* _Directions_
From the first line of the data through the line containing "Επάνω δεξιά εμφανίζεται", transcribe each line exactly. Pictures do not belong in the copy.

---------- Data records

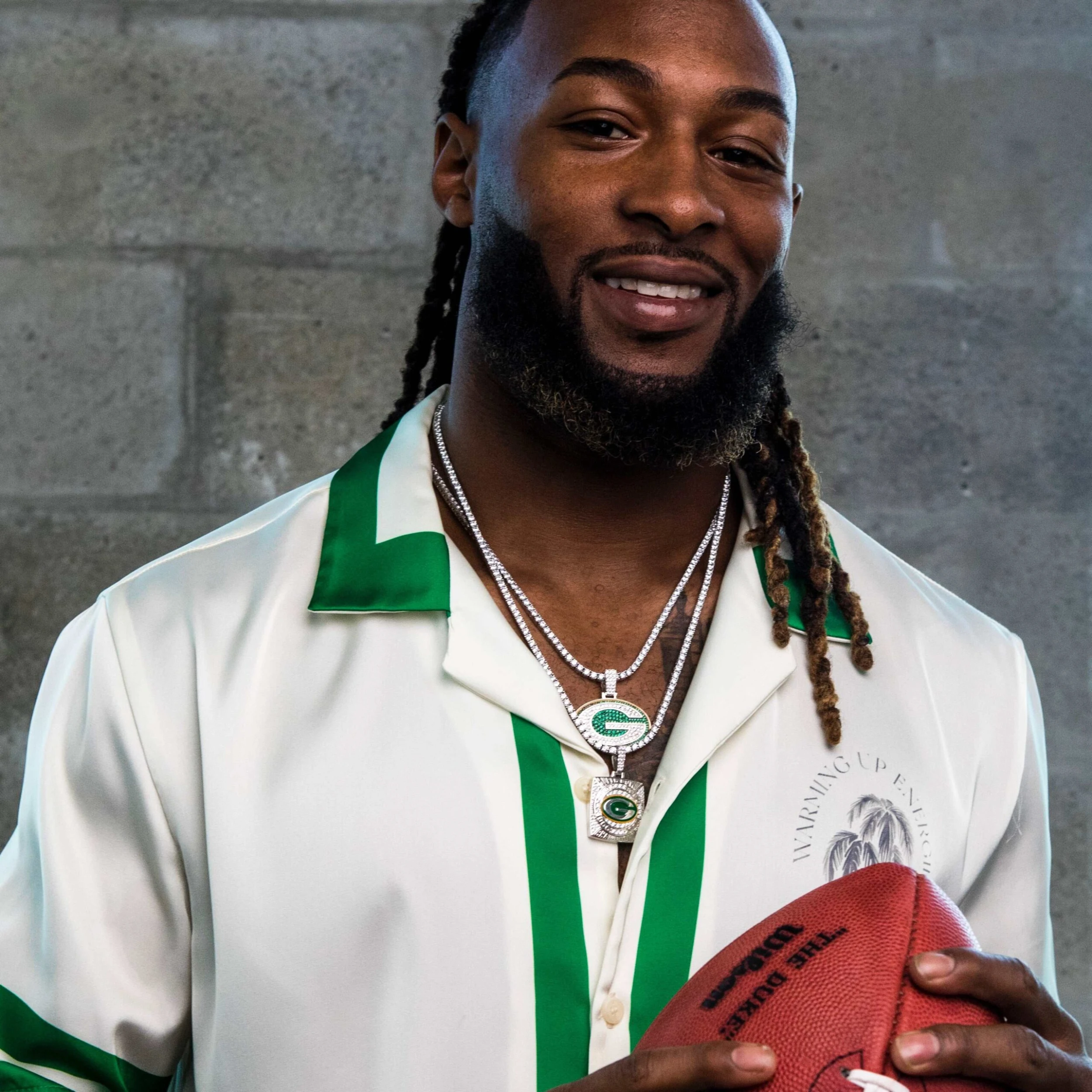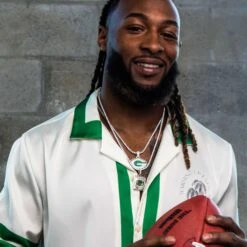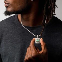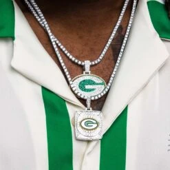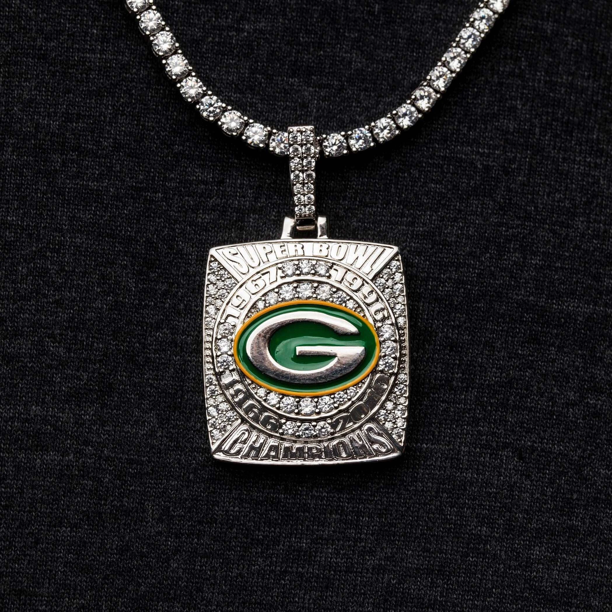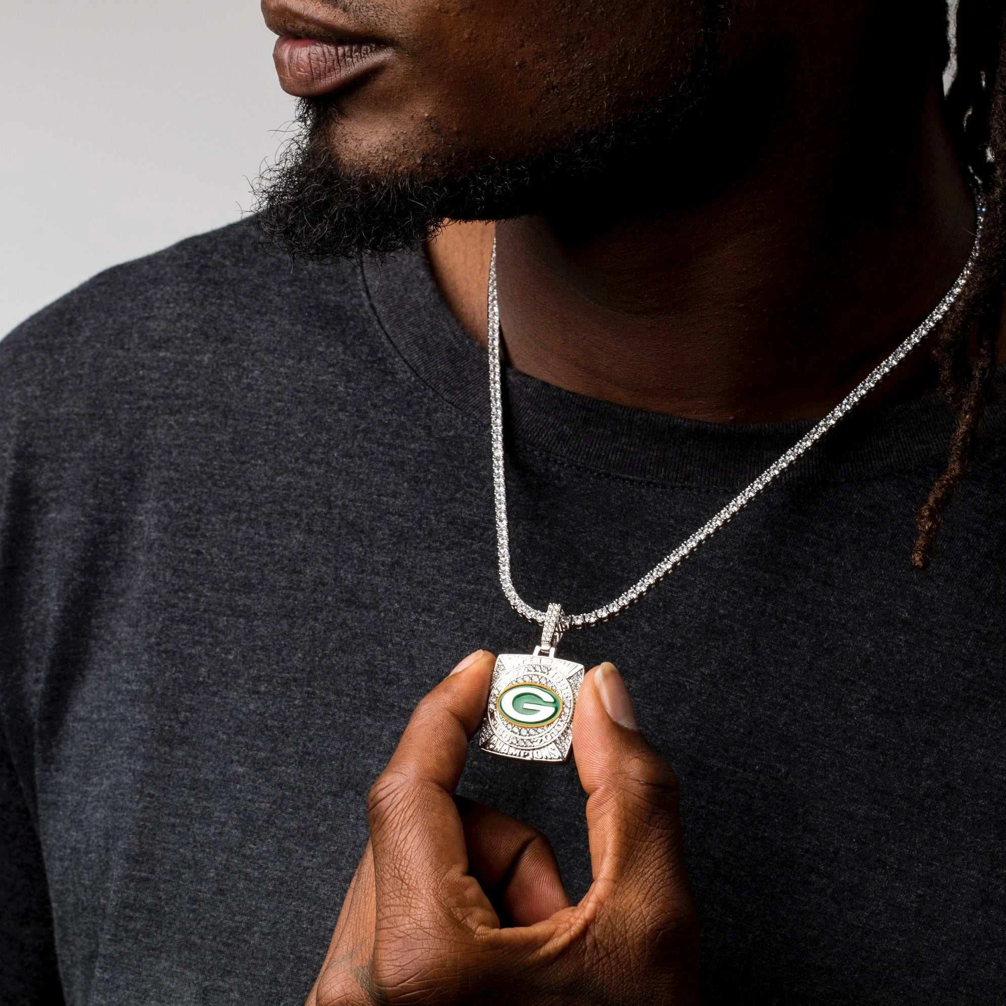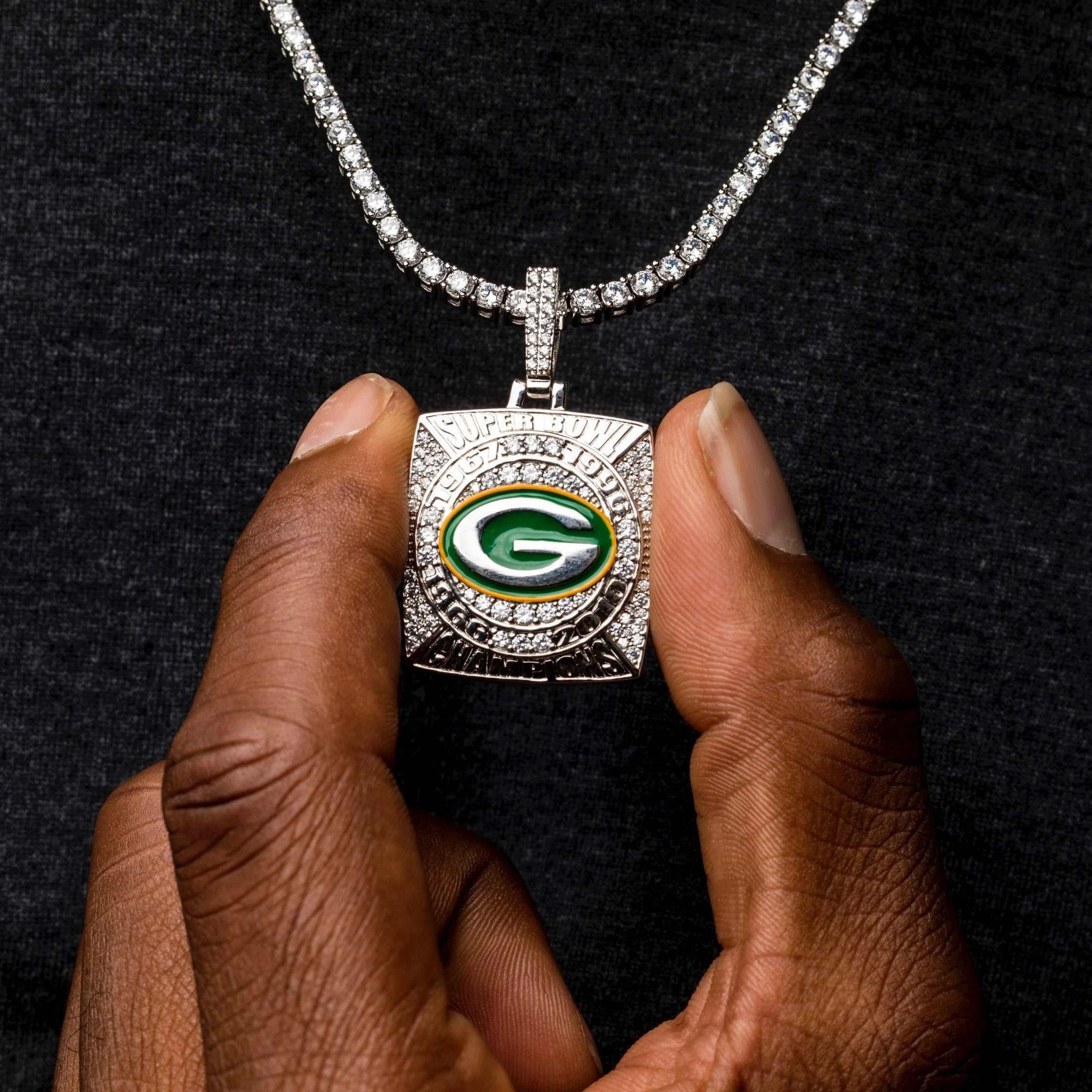 Celebrate the 4-Time World Champions with the Official Green Bay Packers Championship Pendant! This white gold plated pendant is a great way to celebrate your favorite team this season. Paired with the 3mm Tennis Chain, you have the perfect amount of ice to rep the Green Bay Packers just like Pro Bowler Aaron Jones (Pictured)
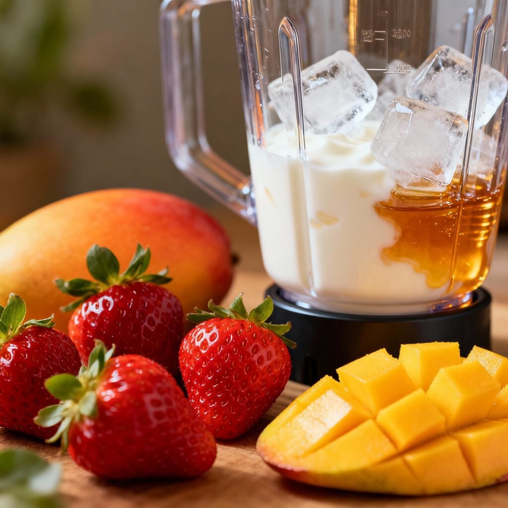 - Combine Ingredients in Blender: Add the frozen mango, frozen strawberries, Greek yogurt, and milk to a blender.
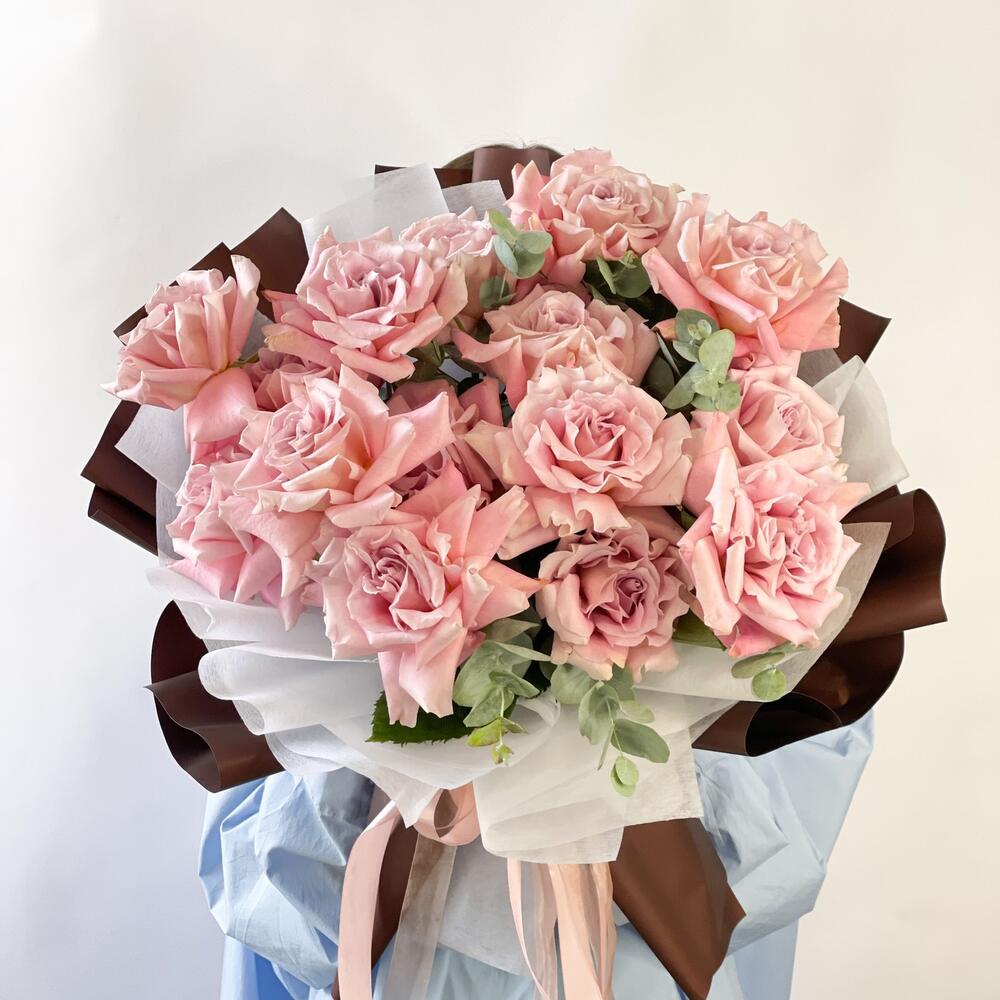 Лента – 3 шт.Эвкалипт – 3 шт.Роза – 15 шт.Упаковка дизайнерская – 4 шт.
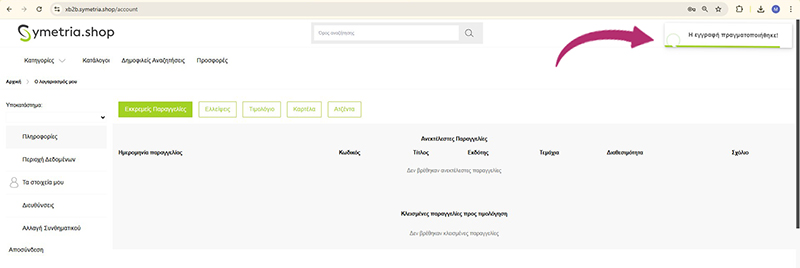Επάνω δεξιά εμφανίζεται ένα μήνυμα ότι η εγγραφή σας πραγματοποιήθηκε.
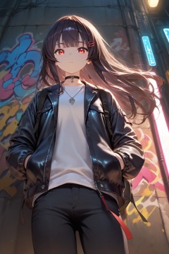 1girl,solo,long hair,looking at viewer,sharp eyes,bangs,jacket,shirt,black hair,hair ornament,long sleeves,urban street background,flowing hair,jewelry,closed mouth,standing,open clothes,choker,hairclip,black pants,necklace,bag,open jacket,white shirt,backpack,bandaid,zipper,leather jacket,graffiti wall,confident pose,hands in pockets,low angle shot,close-up,dramatic lighting,rim light,reflective light,soft shadows,detailed shading,cinematic atmosphere,wind blowing hair,urban night,neon reflections,dynamic composition,
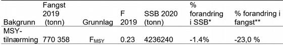 | Bakgrunn | Fangst 2019 (tonn) | Grunnlag | F i 2019 | SSB i 2020 (tonn) | % forandring i SSB* | % forandring i TAC** |
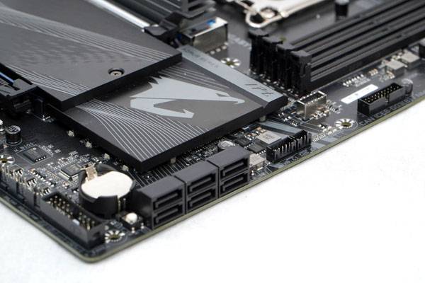 SATA 커넥터 외에도 기가바이트 썬더볼트(Thunderbolt) 애드 인 카드를 연결하는데 사용하는 THB_C1 및 THB_C2 커넥터와 케이스 전면 또는 3.5인치 전면 패널 등에 연결하는 USB 3.2 Gen2 Type-C 헤더 및 USB 3.2 Gen1 2포트 헤더 등도 배치되어 있다.
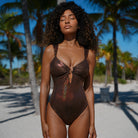 The Esme one-piece is a stunning full coverage swimsuit with a lace-up back and adjustable shoulder straps so you can custom fit it to you're own body. This suit features gold metal details for a luxurious feel. Suit comes with removable padding and is fully lined.
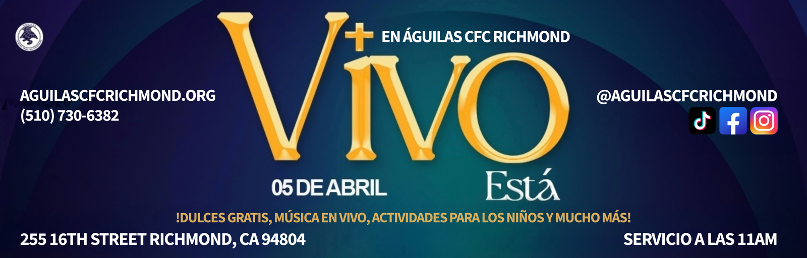 Águilas Centro Familiar Cristiano Richmond tiene una larga y orgullosa historia de servicio a la comunidad de Richmond y el Área de la Bahia. A través de la dedicación de nuestro liderazgo, pastores y voluntarios, estamos comprometidos con las enseñanzas de Jesucristo y estamos aquí para difundir el mensaje de las buenas nuevas de Jesus. Estamos abiertos a adoradores de todas las edades y orígenes, y nos esforzamos por guiar a todos los que adoran con nosotros hacia un amor más profundo por Dios.
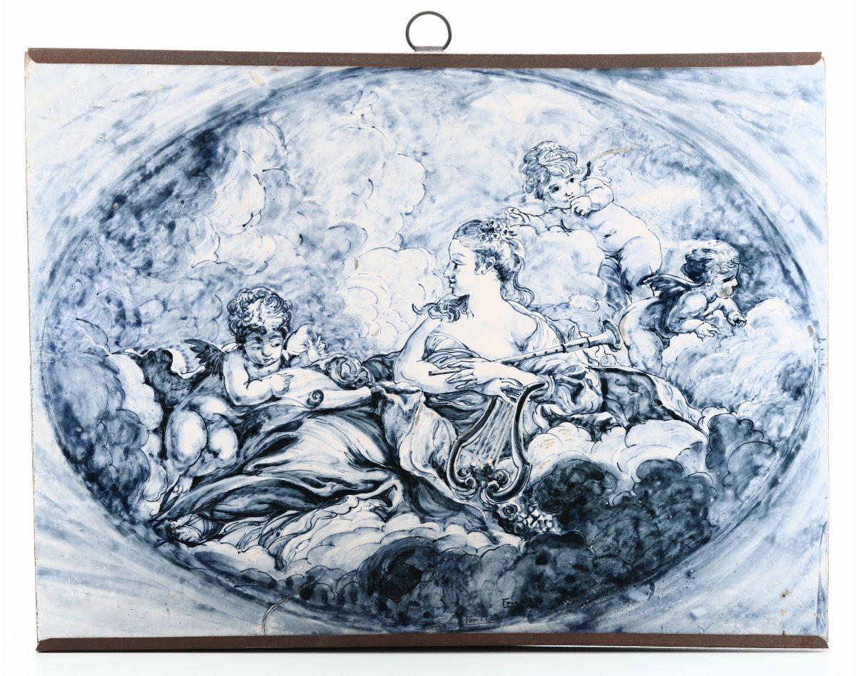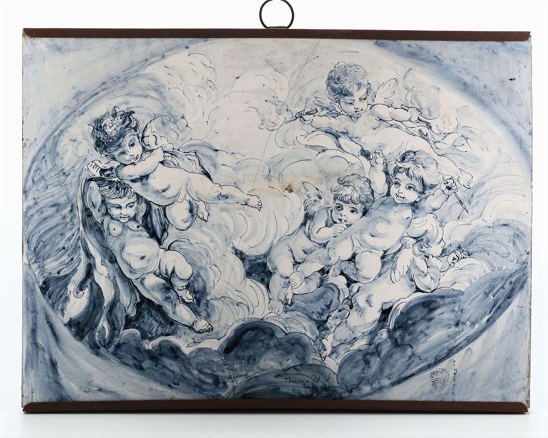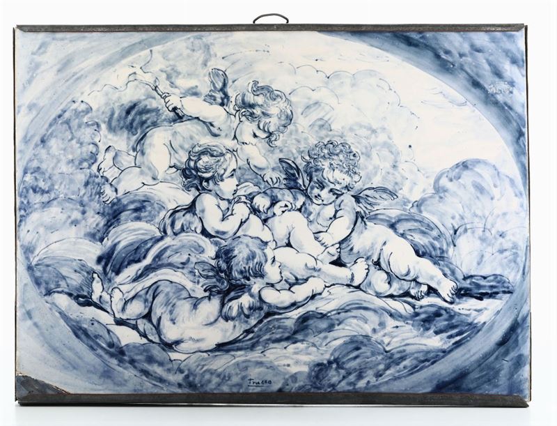 Maiolica monocroma blu. Firmate “Trucco” in blu. Dimensioni: cm 29 x 39. Una targa rotta in due frammenti, le altre in ottimo stato
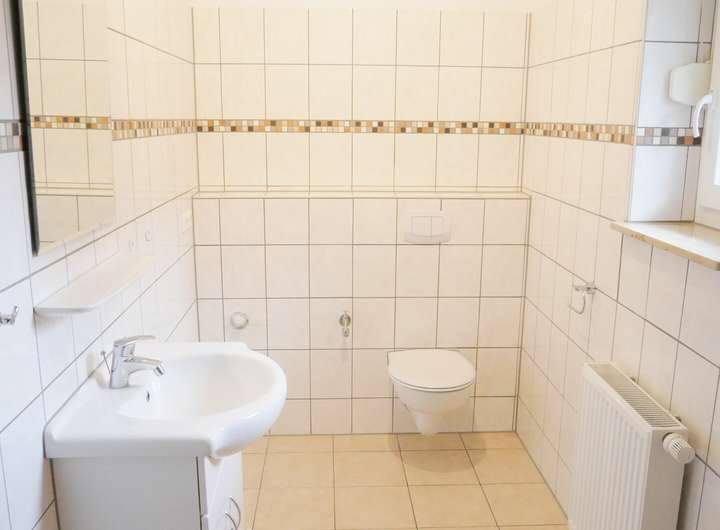 Weiterhin finden wir im EG eine geräumige Küche mit EBK und Sitzgelegenheit, ein WC sowie einen Abstell-/Vorratsraum, in dem auch die Heizungsanlage untergebracht ist.
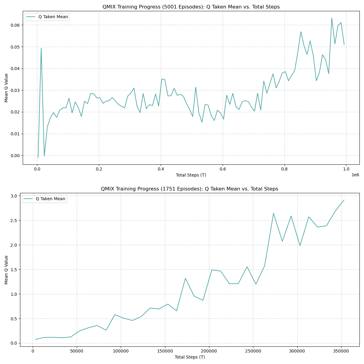 return_mean, confirming effective joint action-value decomposition under QMIX.
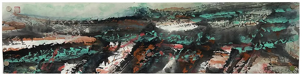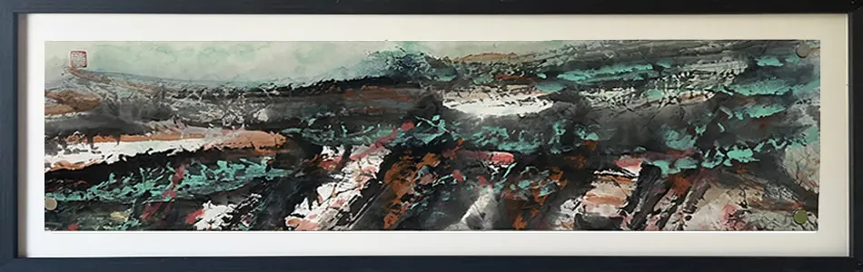 这幅作品是作者走向森象主义的早期创作,气息与前几幅森象系列相比,更接近山川大地的具象化意象。横幅长卷的展开方式,使人联想到传统山水画的开阔境界,但同时又以抽象的笔触与厚重的色彩,赋予画面一种现代感。

--------------------

* _Result of this task_
 Celebrate the 4-Time World Champions with the Official Green Bay Packers Championship Pendant! This white gold plated pendant is a great way to celebrate your favorite team this season. Paired with the 3mm Tennis Chain, you have the perfect amount of ice to rep the Green Bay Packers just like Pro Bowler Aaron Jones (Pictured)
 - Combine Ingredients in Blender: Add the frozen mango, frozen strawberries, Greek yogurt, and milk to a blender.
 Лента – 3 шт.Эвкалипт – 3 шт.Роза – 15 шт.Упаковка дизайнерская – 4 шт.
Επάνω δεξιά εμφανίζεται ένα μήνυμα ότι η εγγραφή σας πραγματοποιήθηκε.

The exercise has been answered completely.